[Recorded data]
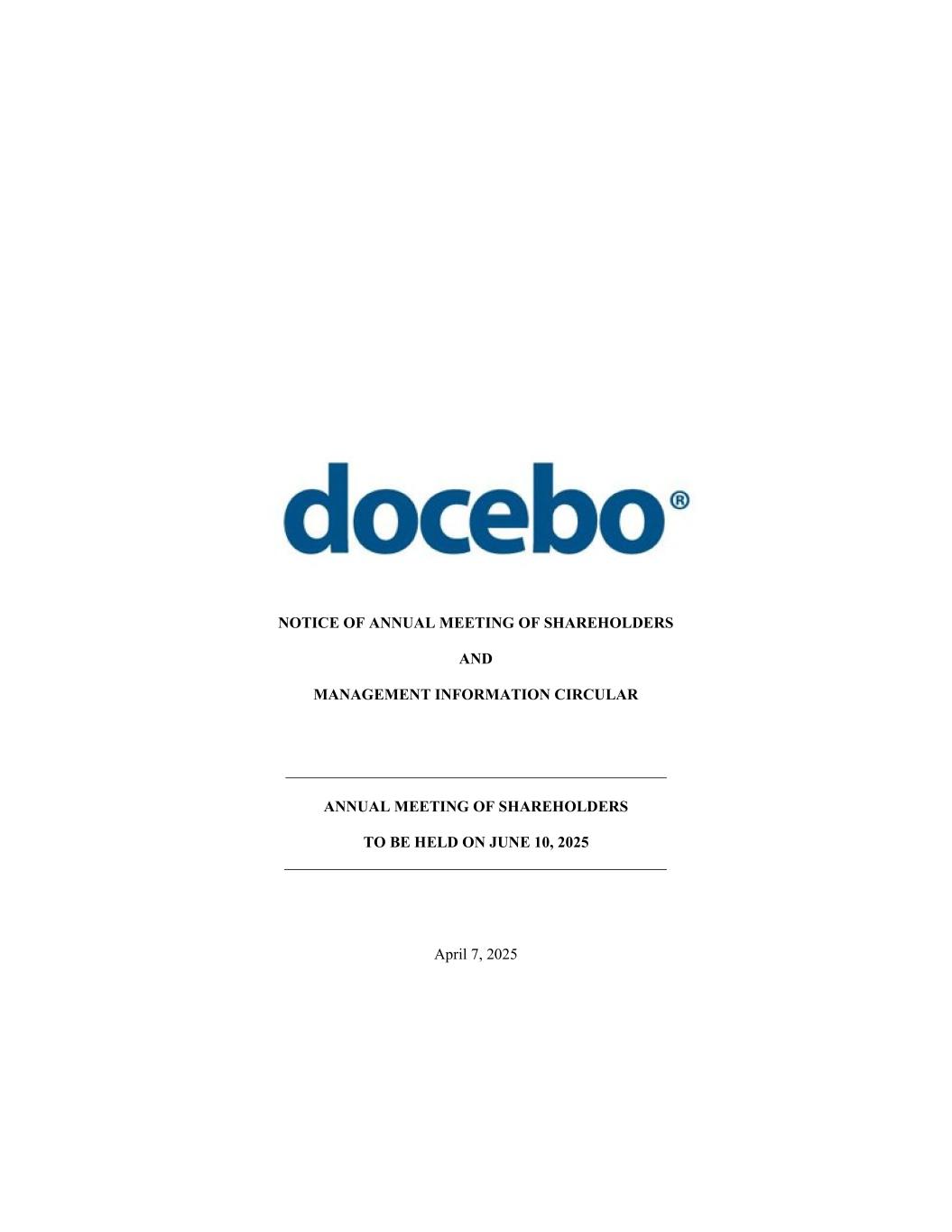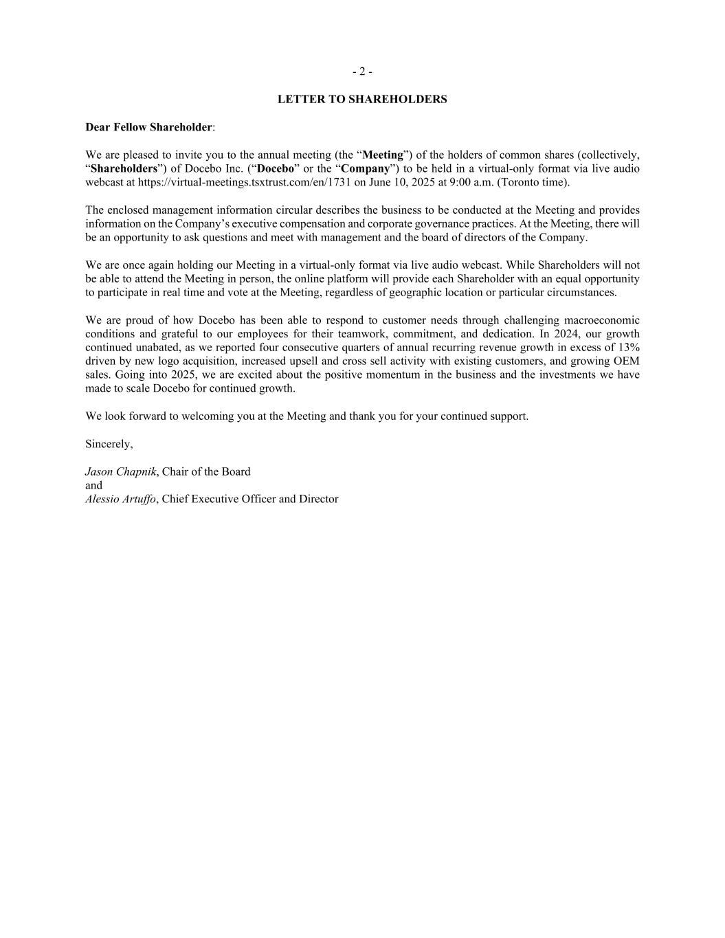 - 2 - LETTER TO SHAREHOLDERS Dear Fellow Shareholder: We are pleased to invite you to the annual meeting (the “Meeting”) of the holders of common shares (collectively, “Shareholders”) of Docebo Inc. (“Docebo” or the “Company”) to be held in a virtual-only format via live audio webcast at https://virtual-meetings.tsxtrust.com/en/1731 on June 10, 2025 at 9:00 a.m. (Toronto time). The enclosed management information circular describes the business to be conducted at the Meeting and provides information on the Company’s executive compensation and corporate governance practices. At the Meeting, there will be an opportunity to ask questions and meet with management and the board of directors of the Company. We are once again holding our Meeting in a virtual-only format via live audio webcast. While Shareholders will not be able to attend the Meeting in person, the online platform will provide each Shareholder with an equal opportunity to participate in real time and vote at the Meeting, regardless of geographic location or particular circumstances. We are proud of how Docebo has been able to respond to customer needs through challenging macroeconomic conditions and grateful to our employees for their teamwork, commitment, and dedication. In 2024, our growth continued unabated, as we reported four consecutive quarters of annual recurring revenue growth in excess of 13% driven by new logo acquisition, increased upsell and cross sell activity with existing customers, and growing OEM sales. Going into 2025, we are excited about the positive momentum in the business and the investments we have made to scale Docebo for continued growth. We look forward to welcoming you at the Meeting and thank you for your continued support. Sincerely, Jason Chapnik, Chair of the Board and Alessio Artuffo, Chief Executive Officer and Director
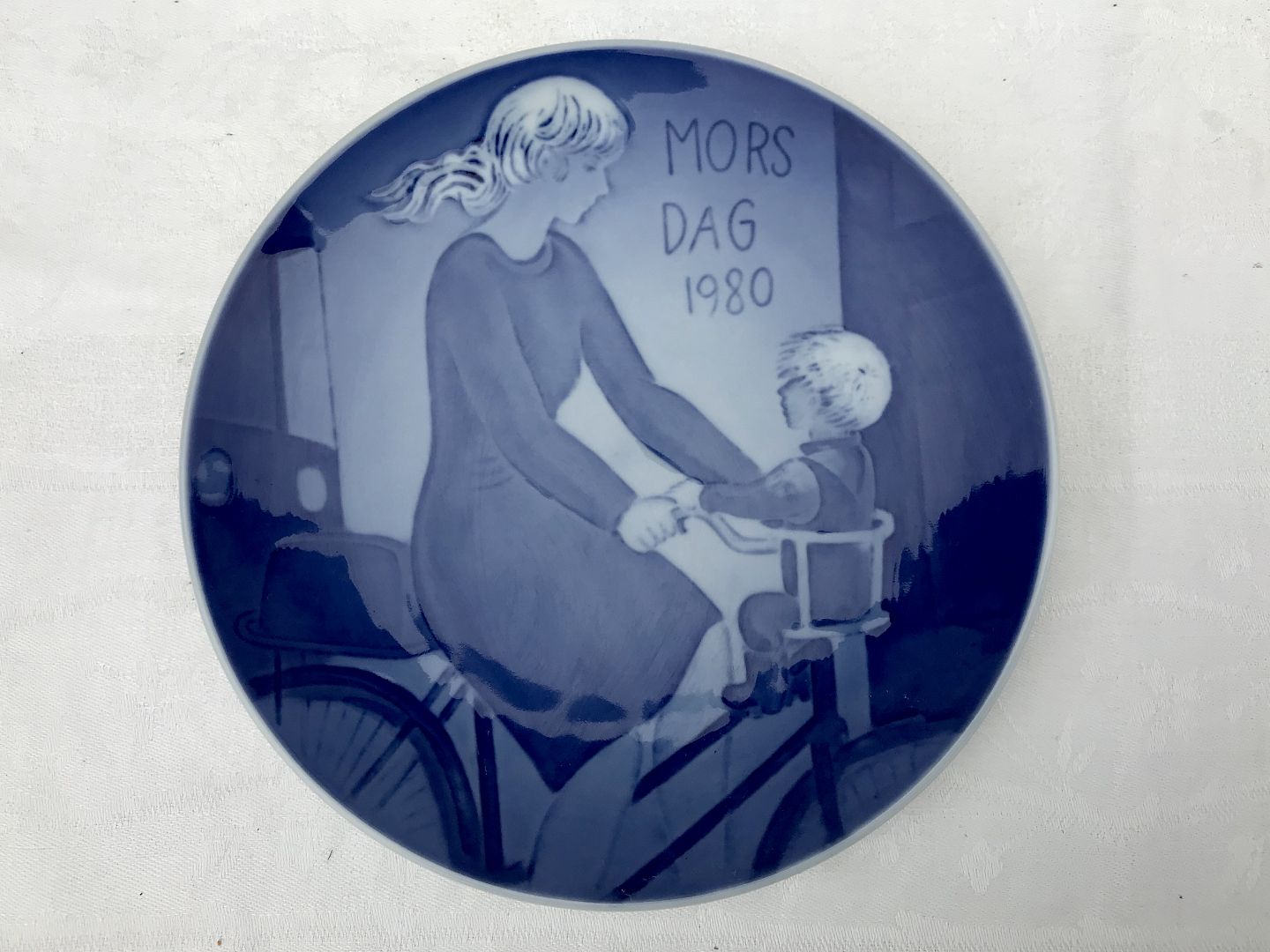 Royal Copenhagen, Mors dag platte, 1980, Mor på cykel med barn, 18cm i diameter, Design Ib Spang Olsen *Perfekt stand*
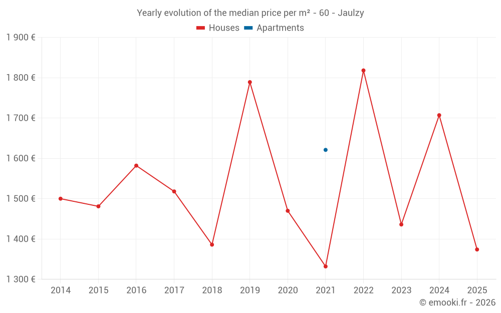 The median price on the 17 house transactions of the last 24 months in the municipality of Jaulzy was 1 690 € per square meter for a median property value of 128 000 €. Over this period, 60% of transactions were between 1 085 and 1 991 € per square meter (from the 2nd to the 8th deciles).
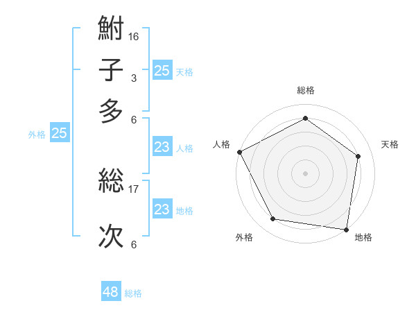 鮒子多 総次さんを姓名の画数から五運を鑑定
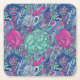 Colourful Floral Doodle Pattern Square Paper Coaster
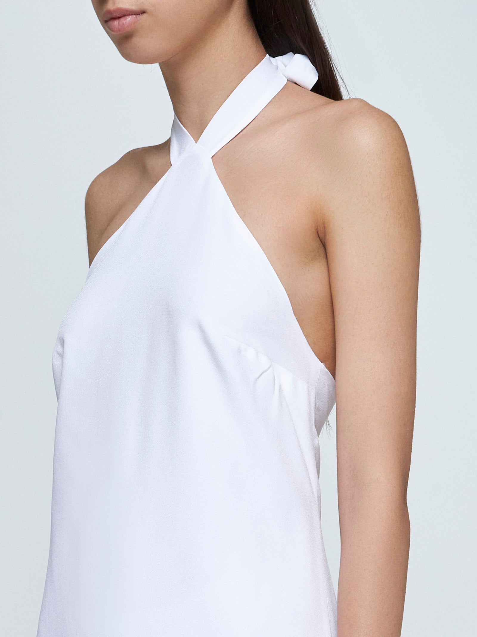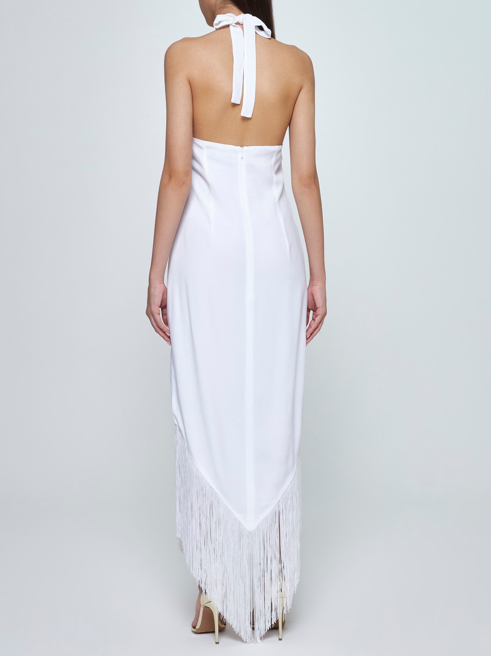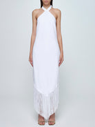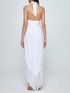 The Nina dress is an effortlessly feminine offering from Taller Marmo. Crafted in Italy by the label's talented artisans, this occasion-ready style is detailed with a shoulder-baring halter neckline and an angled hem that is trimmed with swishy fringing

● **Exercise requirements**:
Once the pictures are set aside, give every line above again without alteration.

● **Exercise solution**:
 - 2 - LETTER TO SHAREHOLDERS Dear Fellow Shareholder: We are pleased to invite you to the annual meeting (the “Meeting”) of the holders of common shares (collectively, “Shareholders”) of Docebo Inc. (“Docebo” or the “Company”) to be held in a virtual-only format via live audio webcast at https://virtual-meetings.tsxtrust.com/en/1731 on June 10, 2025 at 9:00 a.m. (Toronto time). The enclosed management information circular describes the business to be conducted at the Meeting and provides information on the Company’s executive compensation and corporate governance practices. At the Meeting, there will be an opportunity to ask questions and meet with management and the board of directors of the Company. We are once again holding our Meeting in a virtual-only format via live audio webcast. While Shareholders will not be able to attend the Meeting in person, the online platform will provide each Shareholder with an equal opportunity to participate in real time and vote at the Meeting, regardless of geographic location or particular circumstances. We are proud of how Docebo has been able to respond to customer needs through challenging macroeconomic conditions and grateful to our employees for their teamwork, commitment, and dedication. In 2024, our growth continued unabated, as we reported four consecutive quarters of annual recurring revenue growth in excess of 13% driven by new logo acquisition, increased upsell and cross sell activity with existing customers, and growing OEM sales. Going into 2025, we are excited about the positive momentum in the business and the investments we have made to scale Docebo for continued growth. We look forward to welcoming you at the Meeting and thank you for your continued support. Sincerely, Jason Chapnik, Chair of the Board and Alessio Artuffo, Chief Executive Officer and Director
 Royal Copenhagen, Mors dag platte, 1980, Mor på cykel med barn, 18cm i diameter, Design Ib Spang Olsen *Perfekt stand*
 The median price on the 17 house transactions of the last 24 months in the municipality of Jaulzy was 1 690 € per square meter for a median property value of 128 000 €. Over this period, 60% of transactions were between 1 085 and 1 991 € per square meter (from the 2nd to the 8th deciles).
 鮒子多 総次さんを姓名の画数から五運を鑑定
 Colourful Floral Doodle Pattern Square Paper Coaster
 The Nina dress is an effortlessly feminine offering from Taller Marmo. Crafted in Italy by the label's talented artisans, this occasion-ready style is detailed with a shoulder-baring halter neckline and an angled hem that is trimmed with swishy fringing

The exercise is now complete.